It is possible to cover the facade with facing bricks, but careful calculation of the load on the foundation and walls, which is significant in this case, is necessary so that the structures can withstand its weight.


Scheme of facade cladding with facing bricks

This material protects well from harmful effects, but the cost of such a cladding is among the most expensive.

Tile

The tiled cladding of the facade is distinguished by its reliability and long service life, but it is impossible to attach tiles to wooden elements with glue.


Tiled facade cladding

The technology of attaching tiles using self-tapping screws is expensive and time-consuming, if you choose this material, an accurate calculation will be required: it is necessary to determine both the amount of materials and the cost of work.

Plaster

Wall plaster is also not very popular in Russia due to its fragility.



Wall plaster

It is recommended to use plaster technology in three layers. For plastering in one layer, it is best to use a composition of Portland cement, white cement (lime) and sand. To avoid cracks, it is better to add fiberglass.

Fake diamond

Facade cladding with artificial stone has an attractive design, such material is quite light in weight and convenient in the process of laying, does not create a significant load on the foundation.

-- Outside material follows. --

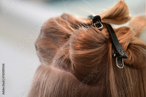 Obraz premium Detail of hair clips on a blonde client in a hair salon

Facade cladding with artificial stone

The house, lined with artificial stone, looks very attractive.

Thermal panels

Sheathing the facade of wooden houses with thermal panels is recommended in regions where the temperature in winter drops below -25 degrees.


Sheathing the facade of wooden houses with thermal panels

For interior decoration, lining, wood-fiber boards are used, drywall is possible, but it does not tolerate temperatures below zero.



Finishing wagon

It is impossible to use it for finishing work on summer houses, which are not planned to be heated in winter.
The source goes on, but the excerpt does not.